4. Simulation Results and Discussion

In this section, we briefly introduce the sensors’ response in time-series, describe the data set, and compare the performance comparison of the machine learning algorithms using cross-validation, i.e., dividing the whole dataset into percentage of training and testing, and leave-one-person-out cross-validation (LOOCV) Nine ASD children were used for training and one for testing.

4.1. Sensors Response and Dataset Description

Figure 5 shows the time-series response of the accelerometer and gyroscope for three activities G12 (Afraid), G13 (Angry), and G17 (FAN ON). The sampling period was 50 Hz and the graph shows each gesture was performed six times by the ASD child. Figure 5 depicts that each gesture was performed in 3 s including the variation in hand gesture movement. So, a window of 3 s was used to extract the features for each gesture from sensors data and label it. Table 4 describes the complete data set of the ASD children who performed each gesture 7–12 times so the records for each gesture varied from 83–103 records.

Figure 5.

Figure 5

Sensors response for gestures performed by the ASD children (performed six times).

Table 4.

ASD children data set description.

Gestures Label No. Records Gestures Label No. Records
G1 99 G13 100
G2 85 G14 99
G3 100 G15 90
G4 90 G16 89
G5 86 G17 97
G6 90 G18 99
G7 100 G19 99
G8 98 G20 90
G9 93 G21 89
G10 80 G22 97
G11 100 G23 90
G12 103 G24 78

4.2. Individual Classifier Performance Comparison Using Data Cross-Validation

For different classifiers, we used different evaluating functions. For KNN, we used 10 folds for validation and comparison was performed on the basis of distances, i.e., Euclidean and Manhattan. For DT and RF, we calculated both the information gain and Gini index for the different number of trees and variable depths of trees. For the neural network, we compared the results on both the single layer and double layers with a variable number of neurons and learning rates.

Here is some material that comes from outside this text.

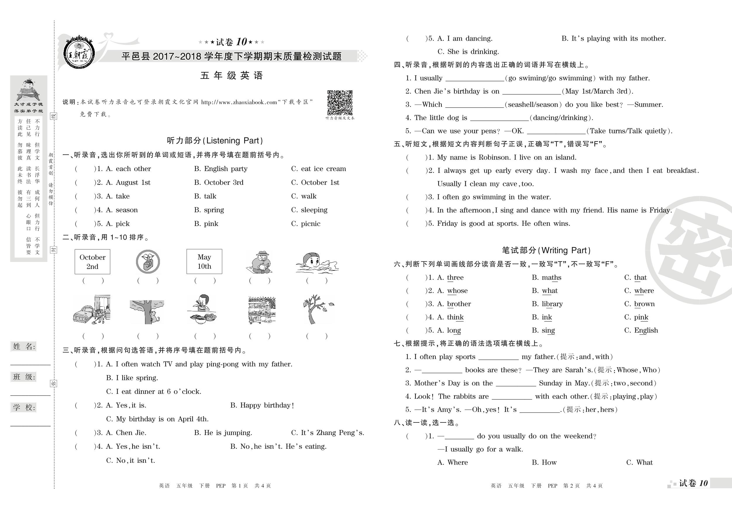 2017-2018学年第二学期临沂市平邑县五年级英语试卷(PEP版)【10】

Figure 6 shows the complete individual comparison of all the classifiers using different parameters. Figure 6a compares the performance of the KNN classifier, which clearly shows that the Manhattan distance performed better compared with the Euclidean distance. We used 10-fold cross-validation, i.e., 90% of the data set was used for training and 10% for testing. The accuracy indicates the average of the 10-fold cross-validation. Figure 6 compares the performance of decision tree with varying depths of the decision tree; the data were split into 90% training and 10% testing. The accuracies were found by changing number of trees and the tree depth to evaluate the accuracy. The results are summarized in Figure 6c for random forest. The classifiers performed with accuracy of about 91%.

Figure 6.

Figure 6

Figure 6

Individual performance comparison of all the classifiers: (a) KNN with different distances applied, (b) DT (c) RF, and (d) single-layer NN.

The results for the single-layer network are summarized in Figure 6d with varying numbers of neurons and using the sigmoid activation function. It achieved the highest accuracy of 91.96% with 130 neurons. At each iteration, the learning rate helps to find the step size needed to minimize the loss function in order to obtain the best parameter that produces the highest accuracy. In the Figure 6d, the learning rate of 0.02 achieved the highest accuracy.

Figure 7 shows the confusion matrices for the different algorithms. In most of the algorithms, each individual gesture was recognized with accuracy more than 85%. Due to the similar nature of some gestures, some showed high correlation to each other such G1 and G3, as shown in Figure 7a,c. G3 showed low precision and recall values and had high correlation with G1 due to the similar variation in hand gesture movement. G22, G23, and G24 received the highest accuracy for almost every classification algorithm. These gestures involve angular hand movements that are mostly different from the other gestures.

Figure 7.

Figure 7

Figure 7

Confusion matrices of all the classifiers: (a) KNN, (b) DT (c) RF, and (d) single-layer NN.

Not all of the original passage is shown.